**The data**
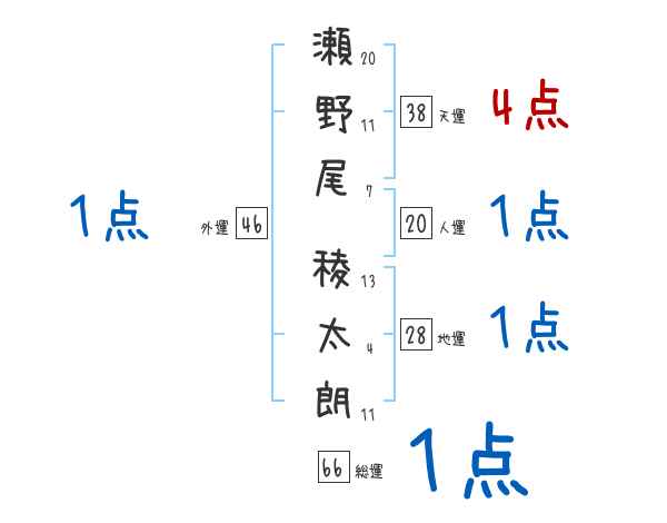 外運![]() | 瀬野尾稜太朗さんの外運は46画の1つ星!迷走することが多く苦労するかも。目先のことにとらわれないように。 生活面を象徴する運勢です。外部から受ける影響力を表し、結婚運、家庭運や職場、環境への順応性を表します。 |
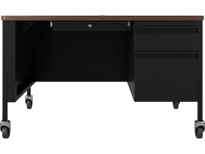 Hirsh 48"W Single-Pedestal Mobile Teacher's Desk, Black/Walnut (22646)
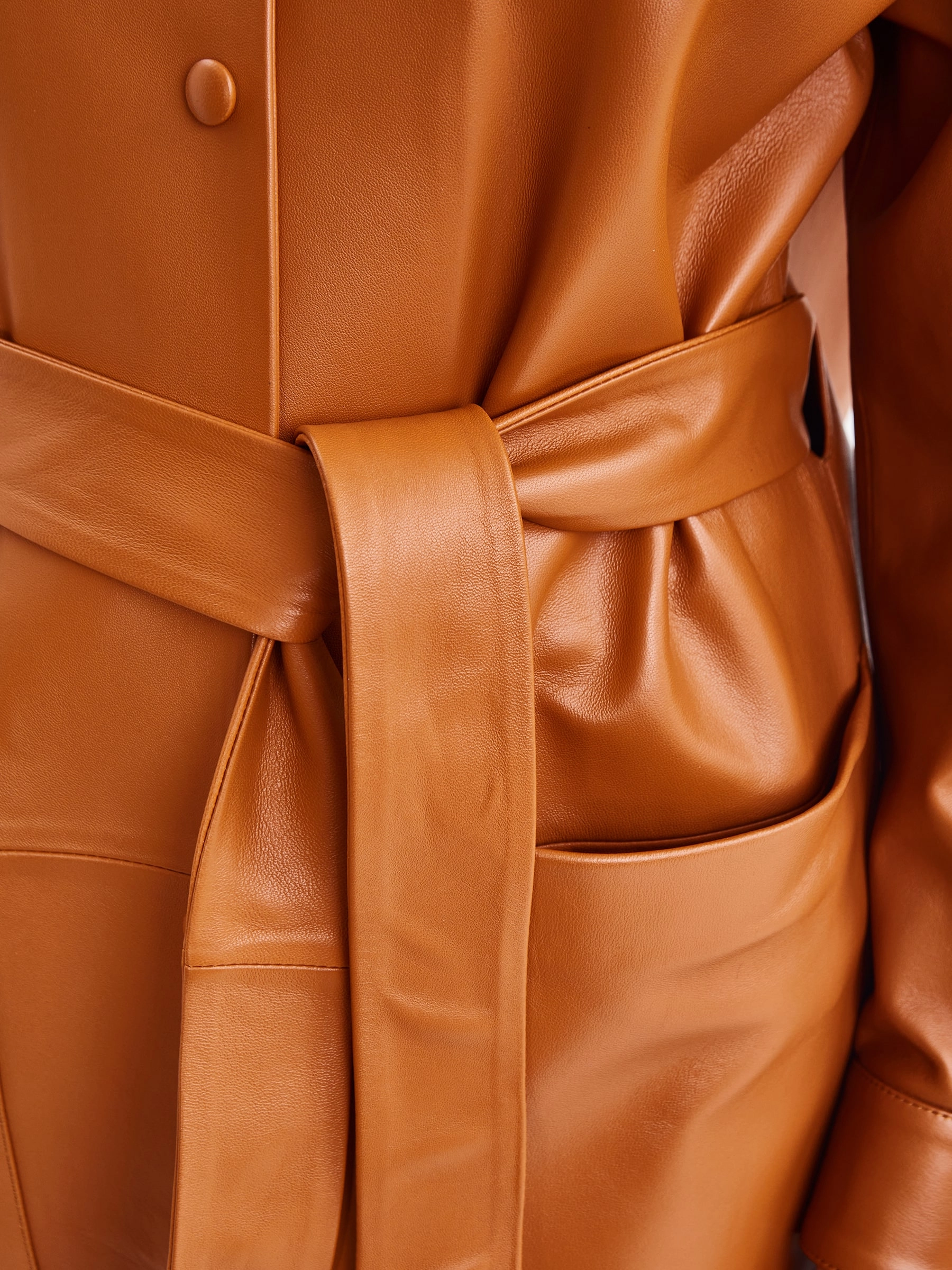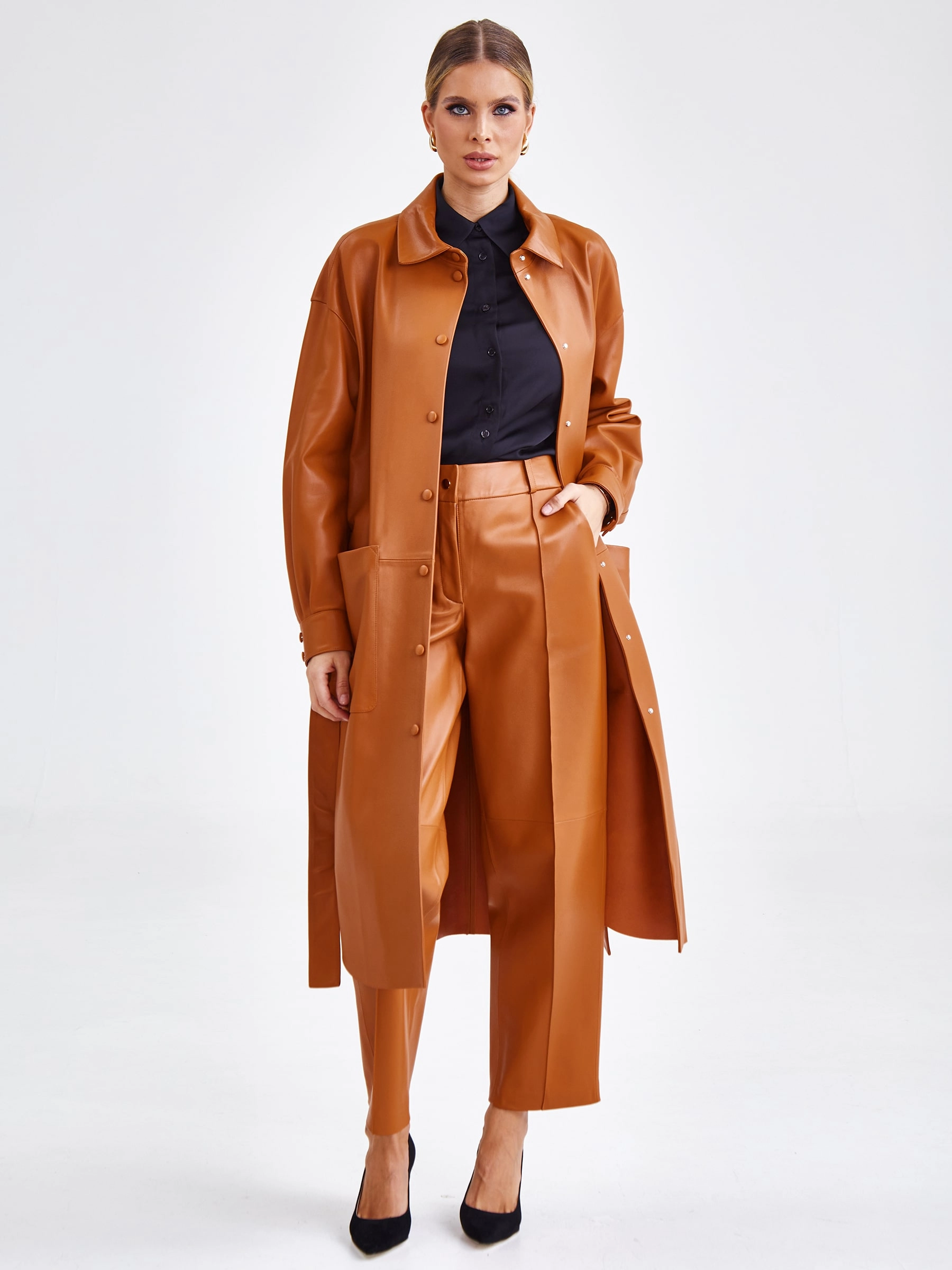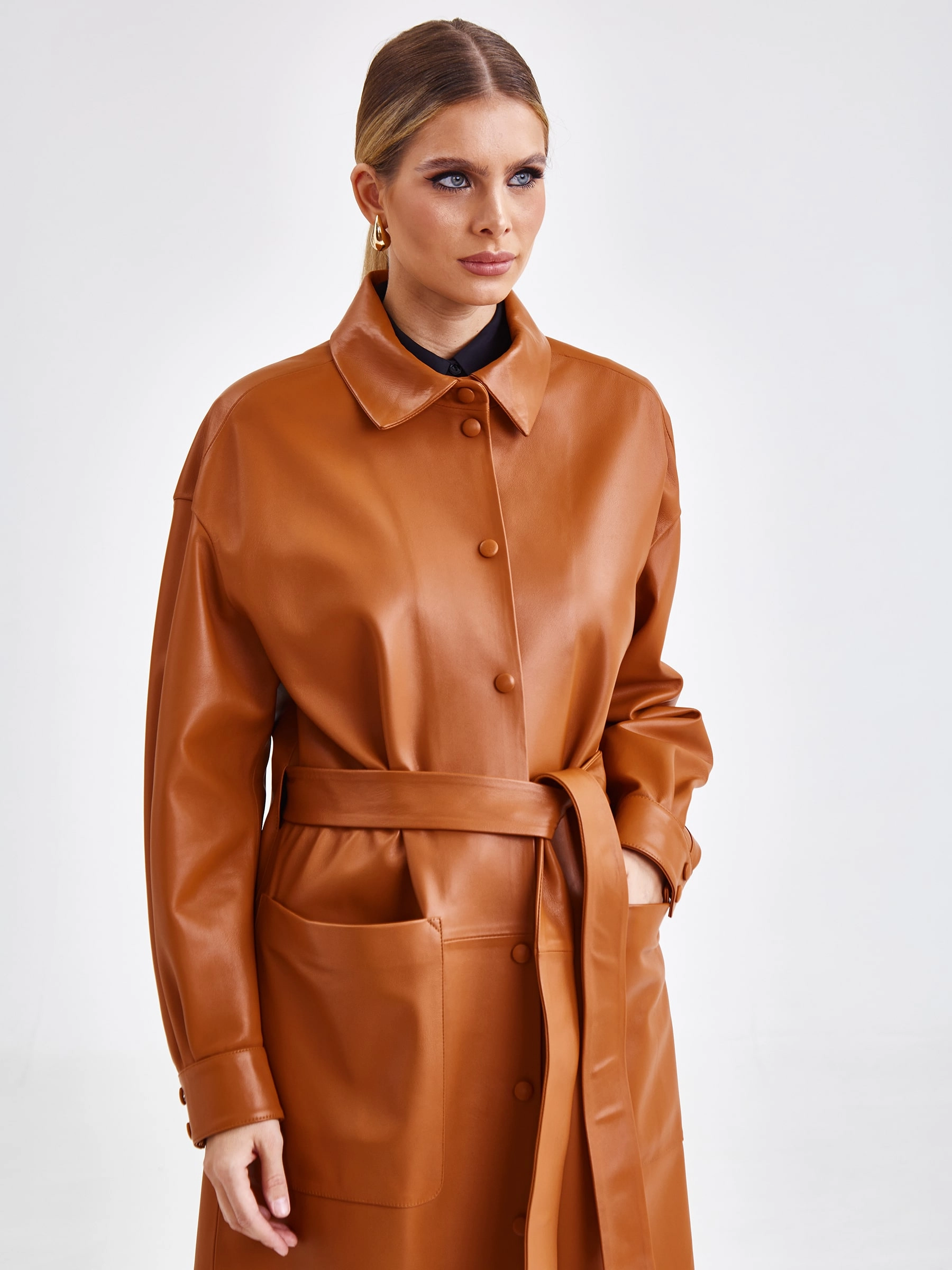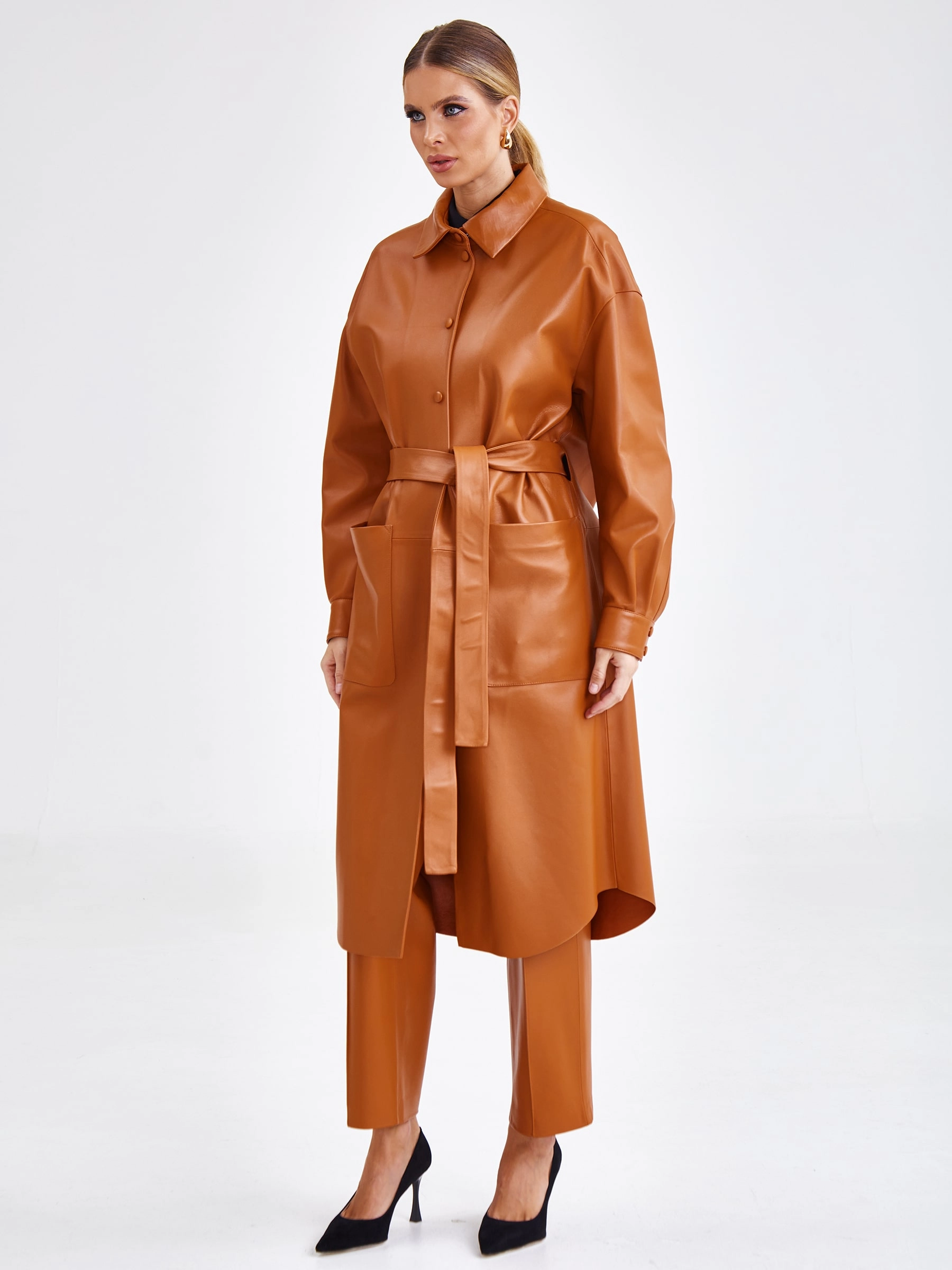 Плащ прямого кроя с отложным воротником, двумя накладными карманами и поясом - лентой. Изделие выполнено из гладкой натуральной кожи премиум класса.

**Assigned task**
Each line of the listing above belongs in the answer exactly as written; the pictures do not.

**Answer to the problem**
 外運![]() | 瀬野尾稜太朗さんの外運は46画の1つ星!迷走することが多く苦労するかも。目先のことにとらわれないように。 生活面を象徴する運勢です。外部から受ける影響力を表し、結婚運、家庭運や職場、環境への順応性を表します。 |
 Hirsh 48"W Single-Pedestal Mobile Teacher's Desk, Black/Walnut (22646)
 Плащ прямого кроя с отложным воротником, двумя накладными карманами и поясом - лентой. Изделие выполнено из гладкой натуральной кожи премиум класса.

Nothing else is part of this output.